A prudent way for HR to address the prospect of cost
reductions is to ask a series of business-driven questions.
• What are our core processes? Where are people
working on core processes? Where are people not
working on core processes? What percentage of a
given team’s working day is non-core?
• Can we adjust our resource levels if we adjust service
levels? Are all our service levels optimal?
• Where is complexity driving up resourcing levels?
• How do we really adjust our resourcing levels in
central functions when volume decreases?
The often-faced problem is that executive management
rarely has the appropriate information on the contributions
of individuals to core processes. Therefore, a common
response to the above questions is: “We cannot afford the
time to properly consider these questions”
However, the science and art of productivity
improvement now provides means to rapidly address
this information gap.
Furthermore, you might also sensibly point out that
“we cannot afford to remove personnel when we do not
really understand their contribution to the business”.
So, the smart response is to plan to cut the costs that
add the least value. While everyone starts with this
objective in mind, the reality is that without
understanding the responses to the above questions we
don’t understand where the low value cost is to be found.

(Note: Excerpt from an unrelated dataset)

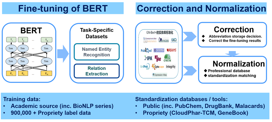 该数据库全部是由各领域专家手动标记。同时,团队还拥有自开发的标记数据,特别是针对中文的、中医药相关的,以及一些补充数据。然后,团队从基础 BERT 预训练模型(基于英文维基百科和 BooksCorpus)开始,针对实体识别任务进行 fine-tuning。

So the goal of HR in these troubled times is to
harness corporate intelligence – to ensure that firm
action is taken, but that it is based on the best that
modern productivity methods offer.
Essentially this means truly understanding “who is
doing what” and assessing the relative merits of the
activity in relation to core process.
Frances Magill, CEO, Statewide Superannuation Trust
We have looked at strategies that best benefit our members and our company in the current business environment. While there are challenges, there are also opportunities.In Statewide we work hard to attract and retain the best employees and strive to balance the needs of our people and our business – they are integral to each other. Statewide has adopted sustainability as a key business priority to ensure that we continue to develop for the benefit of our members, our staff and our environment. Our employee-led sustainability committee has identified a list of initiatives to improve the social and environmental performance of our day-to-day operations in 2009.
To attract and keep good people who share our values, our People and Culture team has developed a range of programs and initiatives. We have traineeships for employees of all ages that lead to permanent placements, and provide ongoing L&D opportunities for all employees, with generous study assistance.
Statewide is a family-friendly and supportive employer, offering generous parental leave provisions of up to 16 weeks’ paid leave. Our employees enjoy flexible and supportive working conditions, such as rostered days off, personal and compassionate leave, job sharing, part time work, and an employee assistance program.
Heading into 2009, our focus is to meet our members’ needs and further develop our team. Our
People and Culture team will be pivotal in managing the opportunities ahead.
Meeting the diverse needs of a multi-generational group – from baby-boomers to generation X and Y – is vital in creating inspired and motivated employees. By seeking their feedback in staff satisfaction surveys we aim to generate positive change that takes into account the broad needs of all of our people.
The overall result is an organisation that cares for its people, who, in turn, care for its members. While important at any time, this is vital in difficult times, making our People and Culture team integral to our business success.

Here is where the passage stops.